Best of the Week — First Winner

AP delivers powerful dispatches and visuals from the front line of climate change

“There are lucky journalists but no such thing as a lucky lazy journalist.” That industry adage was again proven true when the crack team of video journalist Mstyslav Chernov, photographer Felipe Dana and science writer Seth Borenstein captured global attention by squeezing every last drop out of being in the right place at the right time for The Associated Press and its clients.

The place was Greenland, so inhospitable and remote that it is infrequently visited by journalists despite being at the epicenter of planet-threatening climate change. And the timing couldn’t have been better: As the giant but often ignored frozen island was suddenly thrust into the news when U.S. President Donald Trump unexpectedly expressed interest in buying it, sparking a diplomatic spat with Denmark, which said the semi-autonomous Danish territory wasn’t for sale.

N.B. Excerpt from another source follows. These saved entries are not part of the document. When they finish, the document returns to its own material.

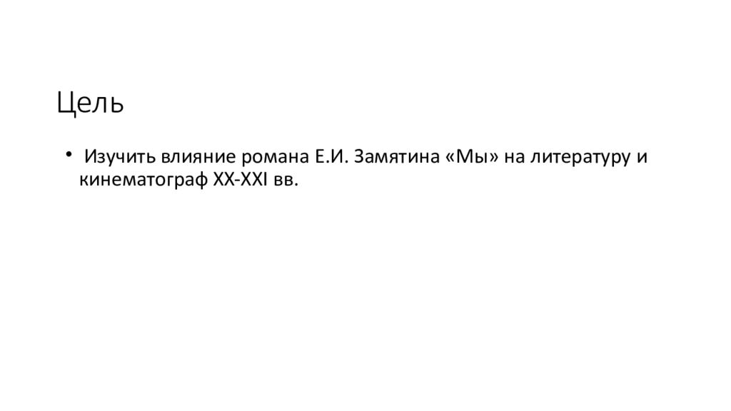 Изучить влияние романа Е.И. Замятина «Мы» на литературу и кинематограф XX - XXI вв.
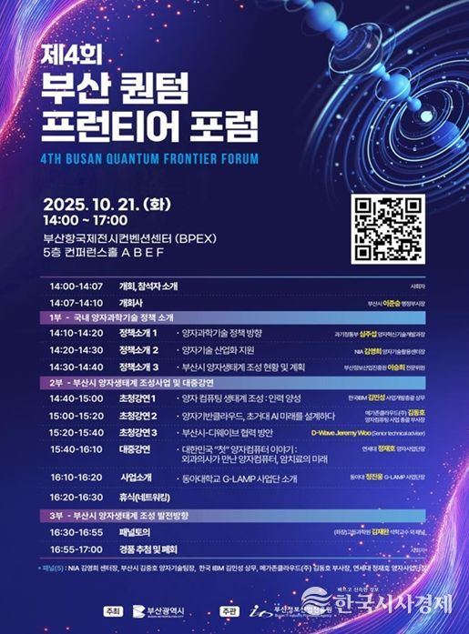 한국시사경제 김숙영 기자 | 부산시는 오는 10월 21일 오후 2시 부산항국제전시컨벤션센터 컨퍼런스홀에서 '제4회 부산시 퀀텀 프런티어 포럼'을 개최한다고 밝혔다.
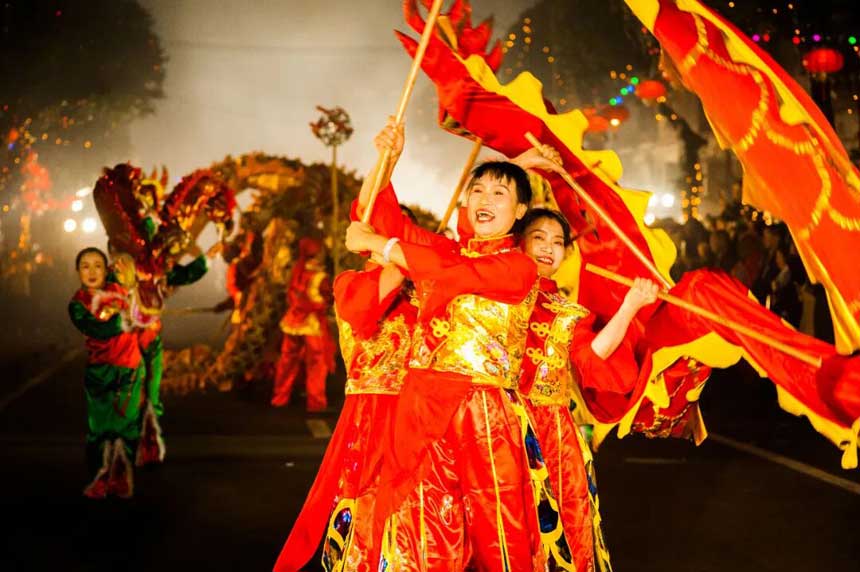 更惊喜的是 现场特设非遗互动体验区 你可以亲手舞动龙具 在传承人的指导下 做一回“龙的传人”
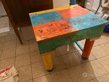 Set da scrivania (tavolo, sedia e specchio) per bambine o bambini in carta pesta colorata . Tavolo apribile ottimo contenitore, dimensioni 69x50xh 60, ritiro zona Porta Maggiore
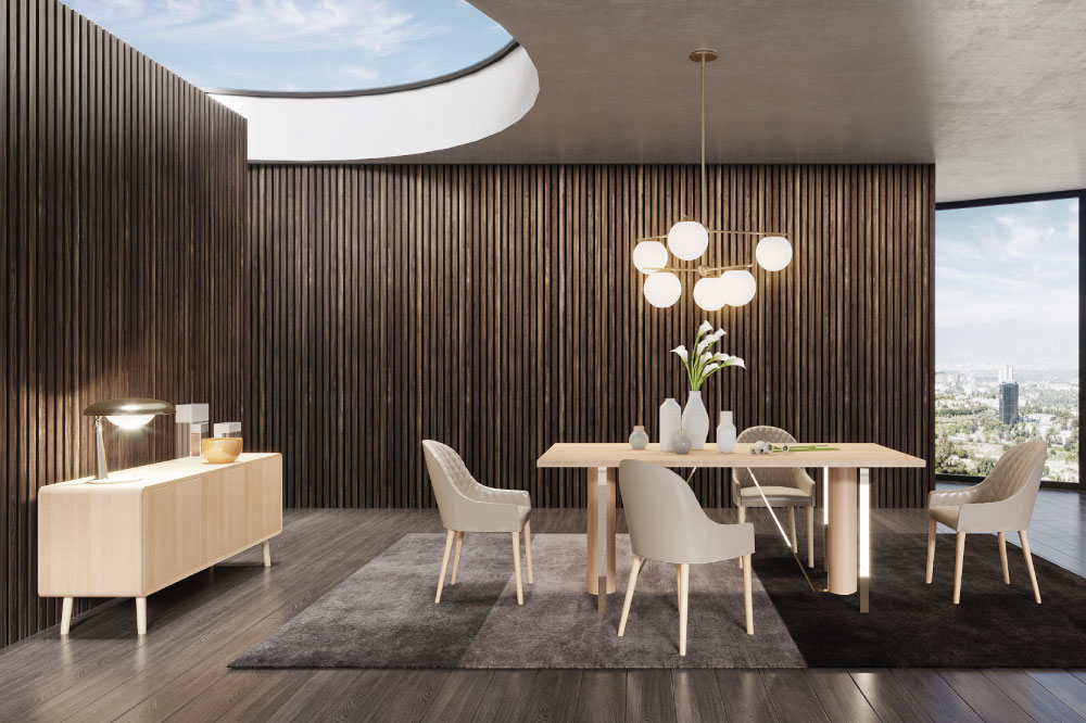 Bàn ăn gỗ sồi Oak với thiết kế thanh lịch mang đến một không gian phòng ăn sang trọng. Chân trụ tròn đỡ mặt bàn bằng gỗ sồi ghép kết hợp thép mạ màu gold tạo thành một khối hài hòa vững chắc. Mặt bàn bằng gỗ veneer sồi vẫn giữ màu sáng, vân gỗ được chọn lọc kỹ đều và tinh tế.
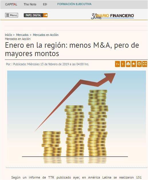 Según un informe de TTR publicado ayer, en América Latina se realizaron 151 operaciones de fusión y adquisición (M&A, por sus siglas en inglés) en enero de 2019. Con respecto al mismo mes en 2018, esto representa una caída de 8,48% en el número de transacciones, pero el mundo de las operaciones aumentó. En 12 meses, la cifra de importe no confidencial subió 17,15% hasta los US$ 7.488 millones.

The stories, photos and videos were widely used by AP’s membership and resonated with the public. The Helheim Glacier story landed on 16 front pages and was downloaded 85 times on AP Newsroom.

For their shining example of how to turn a pre-arranged media trip into essential world-grabbing journalism with tireless enthusiasm, smart thinking and the sharpest of eyes, Chernov, Dana and Borenstein share AP’s Best of the Week honors.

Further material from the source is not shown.